# Blue Dumbo Ratty in need of a new home and friends - Seattle, WA



## erin (Apr 13, 2013)

Hi friends,

I've found myself on this lovely forum because you all here are knowledgeable and love your rats. 

A few months ago, we had to have one of our beloved rats, Dr. Snapperdoodle ("Doodles), put to sleep. It absolutely broke our hearts trying to sustain his life with antibiotics and finally having to make the decision to put him to rest after several months of ups and downs with his health. Now, we are left with his best friend Mr. Poppopolous ("Popples"). He is an absolutely adorable blue dumbo rat and we love him a lot, but after a few months without a cagemate we can tell that he really is seeming lonely no matter how much attention that we give him.

It makes me so sad, and we have gone back and forth in trying to decide whether or not to adopt more rats so he has company. Having owned many rats over the years, I know how rats truly flourish when they have other rats to coexist with. That said, having gone through what we did with Doodles this past year I don't think I have it in me to adopt more rats, as I just can't bear to continue going through the short life span cycle of these little guys any further. This last time through was just too sad. I understand this is my failing as a pet owner, so instead of being selfish and keeping Popples alone for the rest of his life so we can enjoy him, we have decided to try and find him a proper home with another/many more rats where he can live the rest of his life in the company of other rat friends.

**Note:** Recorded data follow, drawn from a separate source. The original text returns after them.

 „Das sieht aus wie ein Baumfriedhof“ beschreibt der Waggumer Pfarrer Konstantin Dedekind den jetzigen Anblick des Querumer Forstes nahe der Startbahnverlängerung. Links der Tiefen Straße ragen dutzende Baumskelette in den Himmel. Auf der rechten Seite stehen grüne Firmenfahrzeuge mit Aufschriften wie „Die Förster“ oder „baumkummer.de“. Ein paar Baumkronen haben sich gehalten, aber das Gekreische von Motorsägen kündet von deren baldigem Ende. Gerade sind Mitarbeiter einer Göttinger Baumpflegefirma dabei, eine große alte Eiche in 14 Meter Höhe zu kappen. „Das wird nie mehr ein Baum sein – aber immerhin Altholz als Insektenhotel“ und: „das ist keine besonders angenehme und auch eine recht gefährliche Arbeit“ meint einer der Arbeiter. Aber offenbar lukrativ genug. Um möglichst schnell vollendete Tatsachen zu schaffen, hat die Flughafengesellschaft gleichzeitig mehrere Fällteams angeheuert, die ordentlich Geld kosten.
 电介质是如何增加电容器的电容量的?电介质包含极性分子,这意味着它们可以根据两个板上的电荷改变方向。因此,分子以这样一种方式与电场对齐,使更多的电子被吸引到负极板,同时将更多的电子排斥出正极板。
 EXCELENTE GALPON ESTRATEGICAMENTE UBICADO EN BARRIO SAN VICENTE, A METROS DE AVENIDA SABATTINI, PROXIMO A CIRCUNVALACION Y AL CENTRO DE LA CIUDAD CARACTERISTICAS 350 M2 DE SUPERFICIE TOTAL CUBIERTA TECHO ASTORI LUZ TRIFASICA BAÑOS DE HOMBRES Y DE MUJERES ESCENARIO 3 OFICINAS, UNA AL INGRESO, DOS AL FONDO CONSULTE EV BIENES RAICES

He is about a year and half old and a very curious guy. He is quite friendly and loves to sit in your lap and have his head scratched. Before we adopted him, he lived in a rattery so he was used to being with many other rats. He loved his cagemate Doodles very much, so I really hope that there is someone out there would would love to add another rat into their home.

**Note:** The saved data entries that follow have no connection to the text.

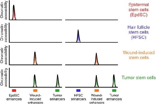 Fig. 4. Tumor hijacks regeneration/injury enhancers for infinite division. Each track represents ATAC-seq peaks of epidermal stem cells (EpdSCs), hair follicle stem cells (HFSCs), wound-induced stem cells, and tumor stem cells of mouse skin. Under the homeostatic condition, epidermal stem cells (EpdSCs) and hair follicle stem cells (HFSCs) have their own open chromatin signatures. Upon wound injury, lineage-specific open chromatin signatures collapse and wound-specific signatures emerge. Wounded-induced and tumor stem cells exhibit similar global open chromatin profiles, but tumor stem cells display additional tumor-specific ATAC-seq peaks, indicating that misregulation of wound-induced regulatory events can lead to tumor.
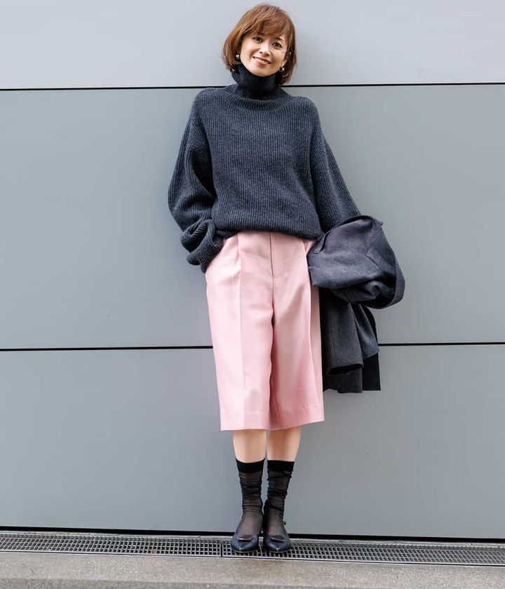 ともすると埋もれがちなポロニットですが、顔まわりが華やぐディテールで好印象をキープ。いざという時のママ友ランチに重宝しそうです。
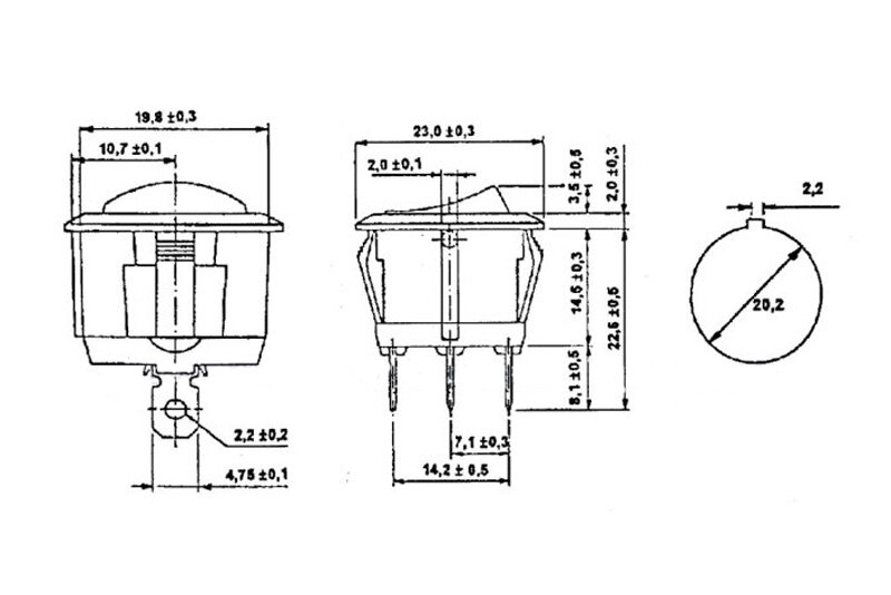Krátký popis Kolébkový spínač kruhový 20mm / 6A s LED rudá
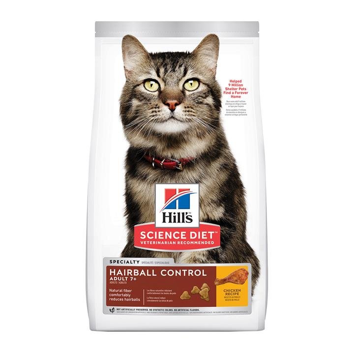 Hill’s Science Diet Adult 7+ Hairball Control Chicken Recipe Senior Dry Cat Food is a highly balanced food for seven years and older mature cats. Made up of natural fiber technology, this nutritionally rich food reduces hairball formation in 30 days.
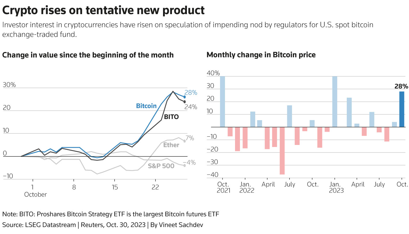 全球最大的加密货币在10月份飙升了28%,投资者们押注美国监管机构将批准现货比特币交易所交易基金,并由此释放新一波需求。
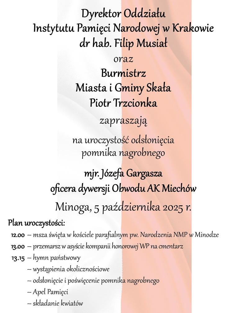W niedzielę, 5 października o godzinie 12.00 od mszy świętej w kościele parafialnym pw. Narodzenia NMP w Minodze rozpoczną się uroczystości związane z odsłonięciem pomnika nagrobnego mjr. Józefa Gargasza ps. Grot.

I have pictures I can provide, but I decided not to put it up because I don't want people to impulsively reply to this thread. If you are seriously interested, I will send some photos and answer any questions you have. Thank you so much for reading.

Sincerely,
Erin


----------



## socal_sarah (Mar 5, 2013)

Aww, he sounds adorable just from the description. Is he neutered by chance?


----------



## socal_sarah (Mar 5, 2013)

And, of course, I'd LOVE to see pics.


----------



## erin (Apr 13, 2013)

Hi there!  No, he has not been neutered. He is an absolute sweetheart, though! If you'd still like to see photos, please let me know- I'll upload some this afternoon when I get home!


----------



## socal_sarah (Mar 5, 2013)

Lol, do I want to see pictures? Is that even a question?!  Of course, I'd love to see some!


----------